Learning human insight by cooperative AI: Shannon-Neumann measure

Edouard Siregar

doi:10.1088/2633-1357/abec9e

1. Introduction

Insight, defined as a combination of discrimination, understanding and intuition, is critical in the conceptual phases of solution-building, to open-ended real-world challenges. These are a complex mixture of human, financial and technological needs. Advances in Big data and machine learning (ML) generated insights [1] can be extremely useful, yet will remain profoundly incomplete, as long as the human dimension is not well accounted for.

In the context of business, financial or scientific insight and discovery, ML is extensively used to extract useful patterns, by combining big data with human-generated prior domain knowledge, to enable interpretation and explanation. We approach the question from the complementary perspective of human compatible artificial intelligence (AI) [2] instead of taking humans out of the loop during computations (which risks being an opaque 'black box', and missing the human dimension), we focus on human-centered AI, to assist people in gaining insights, by observing human behavior.

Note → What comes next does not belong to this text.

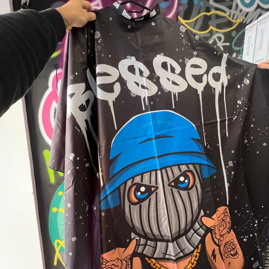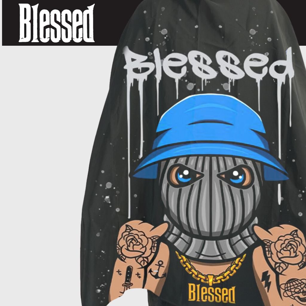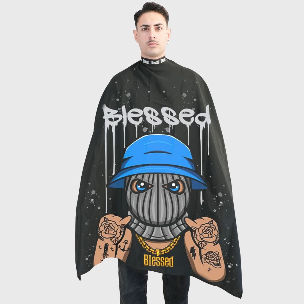 Profesionálna holičská pláštenka Blessed Cartoon Barber Cape s neoprénovým golierom, ktorý ponúka skvelé pohodlie a zabraňuje vnikaniu chĺpkov pod pláštenku.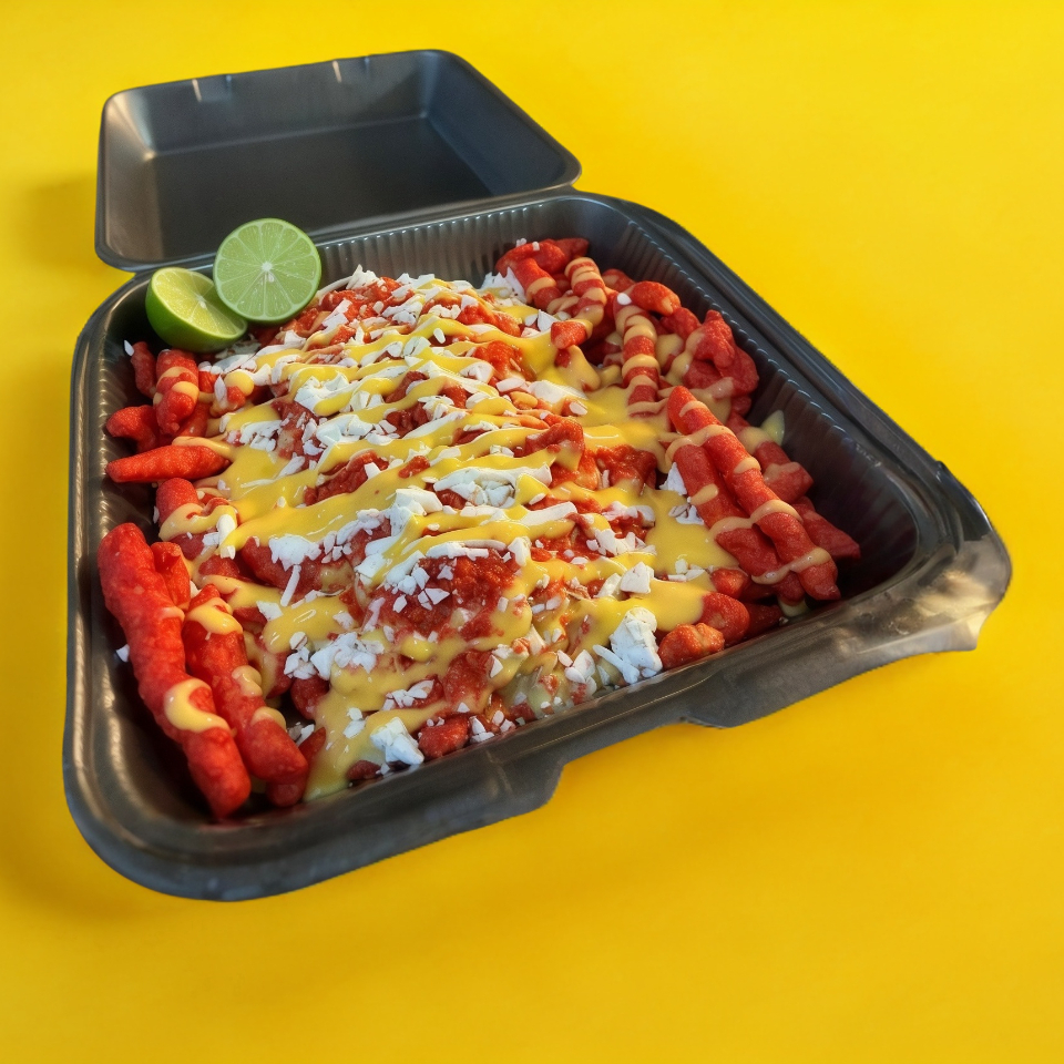 chetos flaming hot, queso amarillo y queso cotija.

We propose a computational measure μ_I of insight I, enabling an AI to compute gains in I, resulting from a cooperative questioning process, between a human(H), and an AI cognitive assistant (A_cog).

The framework for the AI's learning, is a 2-person Iterated Questioning (IQ) game. A set Q, of (yes/no) questions q_i ∈ Q, posed to reach a goal G. The set Q is shared by both H and A_cog, whose only objective is to maximize the total insight gained by H, over the course of the cooperative game [3]. Each IQ-game is played until H achieves a given long-term objective: to reach a minimum threshold of total insight gained. Reaching this threshold, defines a learning episode for A_cog. The game is 'solved', when optimal strategies (the shortest way to reach the threshold) are found for H and A_cog.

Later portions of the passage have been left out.